With shares down by 78% from an all-time high reached in March, Super Micro Computer (SMCI -5.22%) might be one of the first dominoes to fall as the artificial intelligence (AI) hype cycle reaches a possible conclusion. But so far, this crash has little to do with company fundamentals and seems more related to allegedly shady accounting practices and possible wrongdoing.
Let's explore three factors to watch before considering a position in this embattled tech stock.
1. There's smoke
The first recent sign of trouble for Supermicro came in late August when short-seller Hindenburg Research -- which would financially benefit from a fall in the stock's price -- released a report alleging the company engaged in accounting manipulation, self-dealing, and evading sanctions related to Russia's invasion of Ukraine. Last week, some of these accusations gained strength when when Supermicro's auditor, Ernst & Young, resigned, saying, according to Supermicro that "we are resigning due to information that has recently come to our attention which has led us to no longer be able to rely on management's and the Audit Committee’s representations and to be unwilling to be associated with the financial statements prepared by management..."

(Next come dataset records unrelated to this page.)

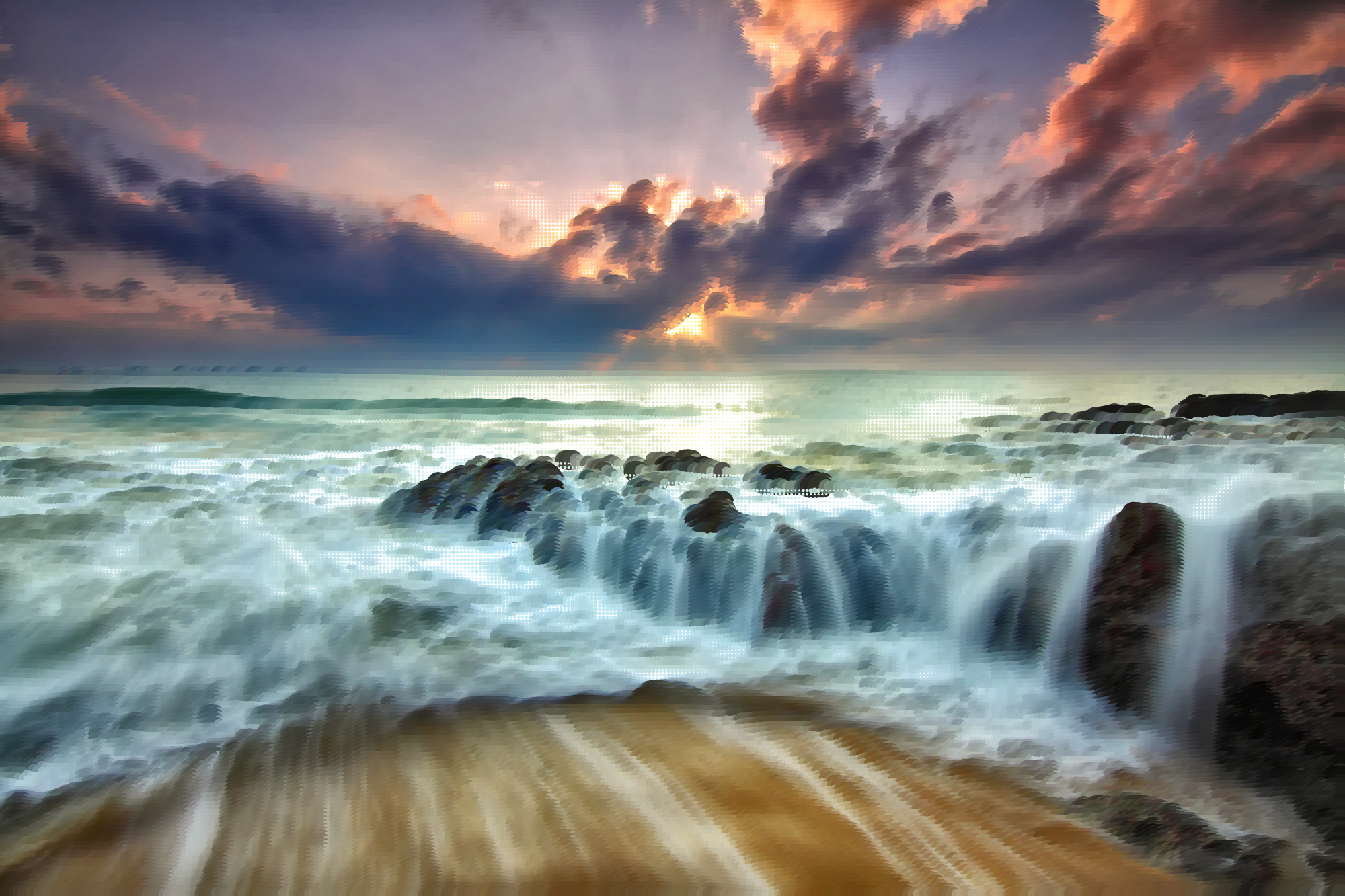 Surreal Beach Sunrise derived from https://pixabay.com/en/sunrise-dramatic-sky-seascape-1634125/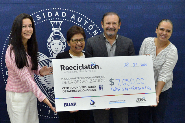 Al entregar este cheque, la Rectora Lilia Cedillo Ramírez agradeció a la Coordinación General de Desarrollo Sustentable de la BUAP la organización del Reciclatón 2024, una actividad que fomenta el aprovechamiento y manejo responsable de los residuos, lo que se suma a otros programas que maneja esta dependencia y que permiten a la institución ser reconocida como la segunda universidad más sustentable de México.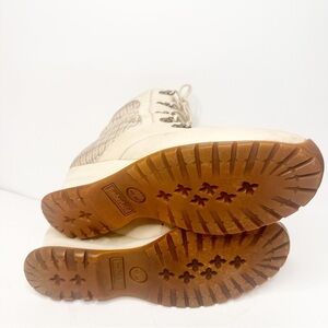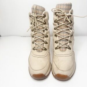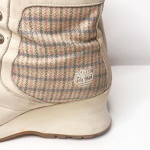 TIMBERLAND SUEDE AND PLAID FABRIC BOOTS WEDGE SZ 7 Suede leather and plaid fabric uppers with 2.25" hard rubber wedge heels. They have a lace up front and tongue matches the plaid on the sides. Color is between a white and cream and the plaid has some pink and green. A few light marks on the suede from normal use otherwise in very good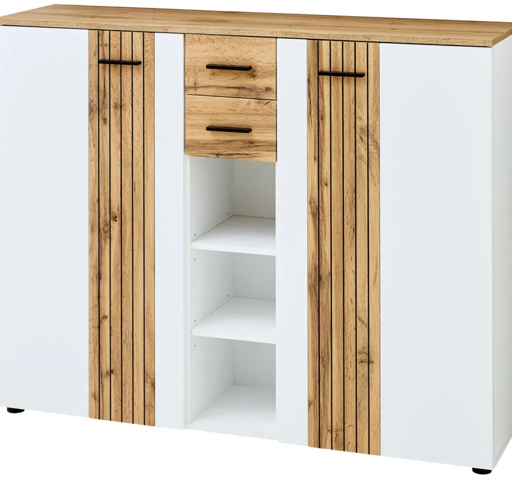 Caisson : ton blanc avec contrastes décor vieux chêne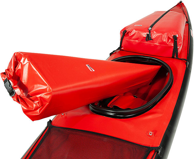 Der Rollsack passt genau unter das Bug- und Heckverdeck bei den Modellen ESCAPE 1 und 2. Hergestellt aus wasserdichtem Material, rundum verschweißt und mit schwellwasserfestem Rollverschluss versehen.

To make matters worse, Supermicro is also reportedly being looked at the Justice Department, which is said to be reaching out to the company's former employees and others.
These developments won't necessarily affect Supermicro's operations. However, they could tank its valuation by creating skepticism about the accuracy of its reporting and potential fines that could come up if management is found guilty of wrongdoing. Unfortunately, that might be the best-case scenario for this increasingly embattled company.
2. Delisting could be imminent
Supermicro's situation could get much worse. Public companies are required to have auditors and to file their financial statements by certain deadlines. The company has fallen out of compliance with both requirements, putting it at risk of delisting by te Nasdaq.
After failing to file its annual 10-K annual report in August, management has until mid-November to submit a compliance plan, which (if approved) could push the deadline to February 2025. However, Supermicro is still in a catch-22 because it doesn't have an auditor, and the ongoing issues could make new firms hesitant to take on the role.
Wedbush analyst Matt Bryson highlighted the difficult situation in an interview with Bloomberg: "I think that they probably end up getting delisted just because of the timelines involved. How do they get their 10-K out in just a few months when they don't have an auditor, and their last auditor resigned?"
If Supermicro is delisted, shares would probably move to over-the-counter markets, which can be less liquid than traditional exchanges. However, this doesn't have to be permanent because companies can regain compliance and relist. For instance, the stock was delisted after failing to meet Nasdaq reporting deadlines in 2019 before rejoining the exchange in 2020.
3. Could shares become too cheap to ignore?
Most of Supermicro's biggest near-term challenges could hurt its valuation, not its fundamentals, and earlier this week it released some encouraging, though preliminary, news. On Nov. 5, it released an update from its "independent special committee" suggesting fiscal first-quarter (the quarter ended Sept. 30) net sales of $5.9 billion to $6 billion.
These figures are much lower than management's previous guidance of $6 billion to $7 billion, but they represent 180% growth compared to the $2.12 billion reported in the prior-year period. With a forward price-to-earnings ratio of 7.65, Super Micro Computer's stock is starting to look like a great deal, but until there's more clarity, it might not be worth considering this speculative play.